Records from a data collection

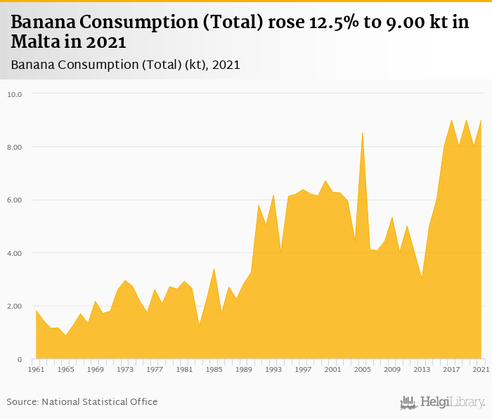 Total banana consumption rose 12.5% to 9.00 kt in Malta in 2021, according to Faostat.
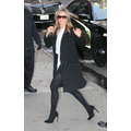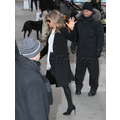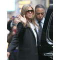 Jennifer Aniston flashed photographers a quick smile before her interview on Good Morning America.
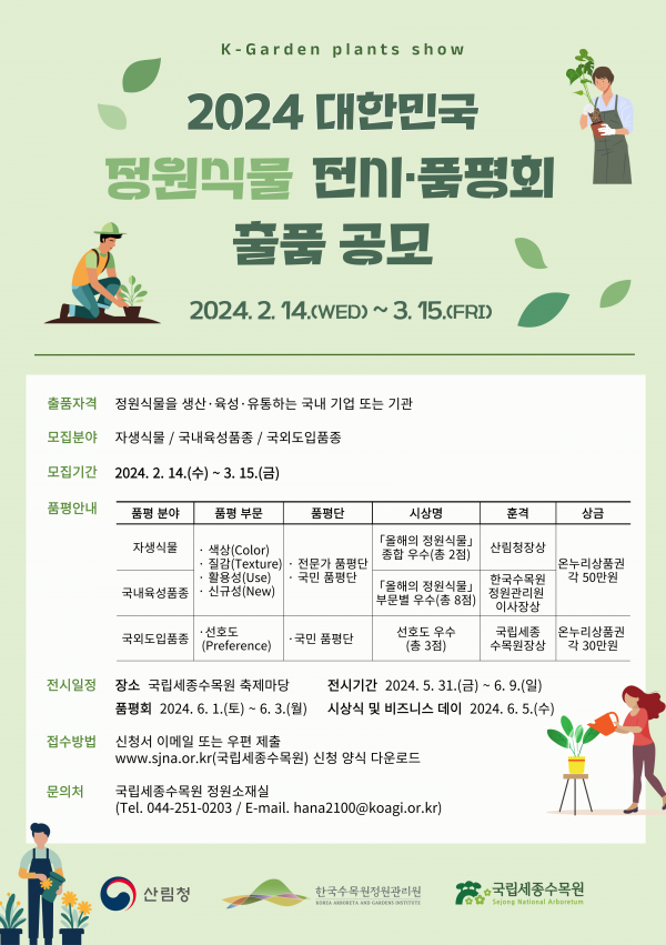 한편 ‘2024년 대한민국 정원식물 전시·품평회’는 오는 5월 31일부터 6월 9일까지 국립세종수목원 전시원 일원에서 개최될 예정이다.
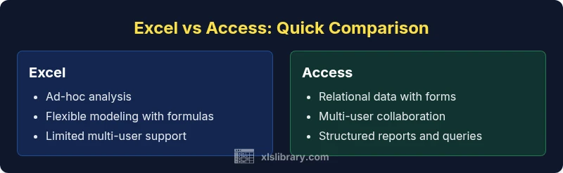Choosing between Excel and Access is less about which program is universally superior and more about aligning the tool to the task. According to XLS Library, the decision hinges on data structure, collaboration needs, and long-term data governance. If you work mainly with numbers, ad-hoc modeling, and fast iteration, Excel’s familiar interface and extensive formula set can accelerate discovery. If your work requires linked tables, forms for data entry, and centralized reporting for multiple users, Access provides stronger relational data management. The goal is to minimize manual work, reduce errors, and ensure the right data is available to the right people at the right time. In practice, many teams use both tools in tandem—starting in Excel for exploration and moving to Access when a relational backbone becomes necessary, a pattern highlighted by the XLS Library Team as a pragmatic workflow.
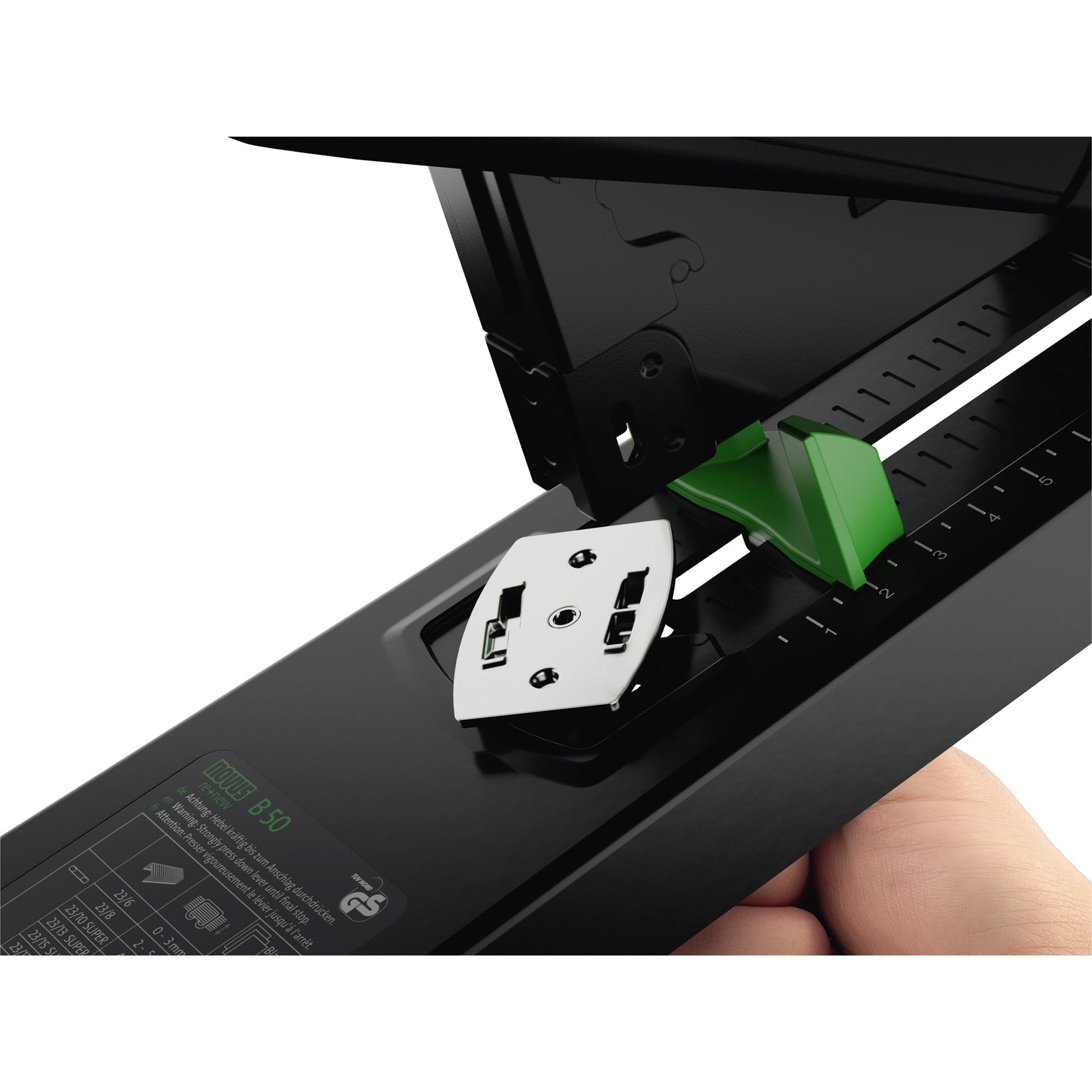 Bezeichnung: NOVUS Blockheftgerät B 50 re+new 23/6-17 SUPER fest/bypass 140 Bl. (80 g/m²) Metall/Kunststoff, 81 % recycelt schwarz
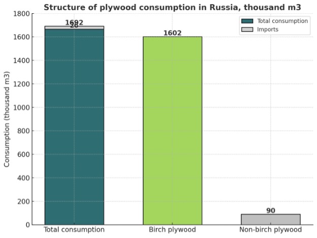 제재 이전까지 유럽과 북미는 러시아 자작(birch) 합판의 필수적 시장이었으며, 총 소비량은 1,673 thousand m3으로 2024년 현지 생산 능력 1,413 thousand m3을 능가하였다고 Sveza 합판 생산업체는 추정하였습니다.
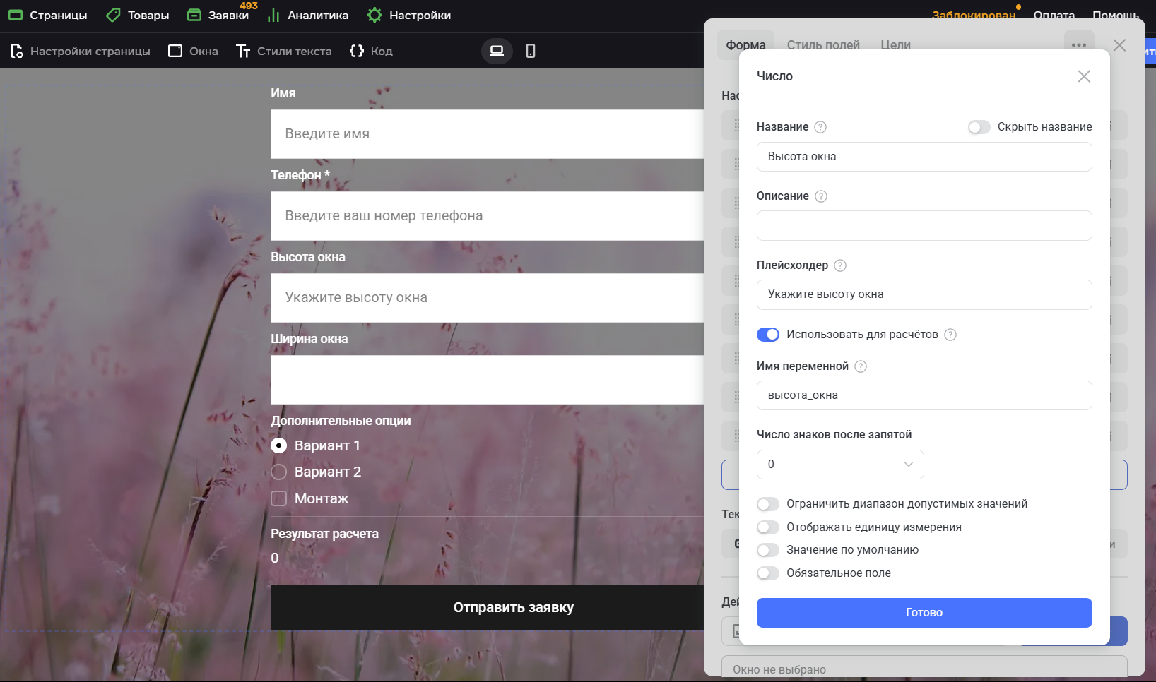 Калькулятор полей доступен только в вертикальных формах. Не поддерживается горизонтальной формой, корзиной или квизом.

Assignment
What's needed is every record restated exactly, pictures excluded.

Output of the task
 Total banana consumption rose 12.5% to 9.00 kt in Malta in 2021, according to Faostat.
 Jennifer Aniston flashed photographers a quick smile before her interview on Good Morning America.
 한편 ‘2024년 대한민국 정원식물 전시·품평회’는 오는 5월 31일부터 6월 9일까지 국립세종수목원 전시원 일원에서 개최될 예정이다.
Choosing between Excel and Access is less about which program is universally superior and more about aligning the tool to the task. According to XLS Library, the decision hinges on data structure, collaboration needs, and long-term data governance. If you work mainly with numbers, ad-hoc modeling, and fast iteration, Excel’s familiar interface and extensive formula set can accelerate discovery. If your work requires linked tables, forms for data entry, and centralized reporting for multiple users, Access provides stronger relational data management. The goal is to minimize manual work, reduce errors, and ensure the right data is available to the right people at the right time. In practice, many teams use both tools in tandem—starting in Excel for exploration and moving to Access when a relational backbone becomes necessary, a pattern highlighted by the XLS Library Team as a pragmatic workflow.
 Bezeichnung: NOVUS Blockheftgerät B 50 re+new 23/6-17 SUPER fest/bypass 140 Bl. (80 g/m²) Metall/Kunststoff, 81 % recycelt schwarz
 제재 이전까지 유럽과 북미는 러시아 자작(birch) 합판의 필수적 시장이었으며, 총 소비량은 1,673 thousand m3으로 2024년 현지 생산 능력 1,413 thousand m3을 능가하였다고 Sveza 합판 생산업체는 추정하였습니다.
 Калькулятор полей доступен только в вертикальных формах. Не поддерживается горизонтальной формой, корзиной или квизом.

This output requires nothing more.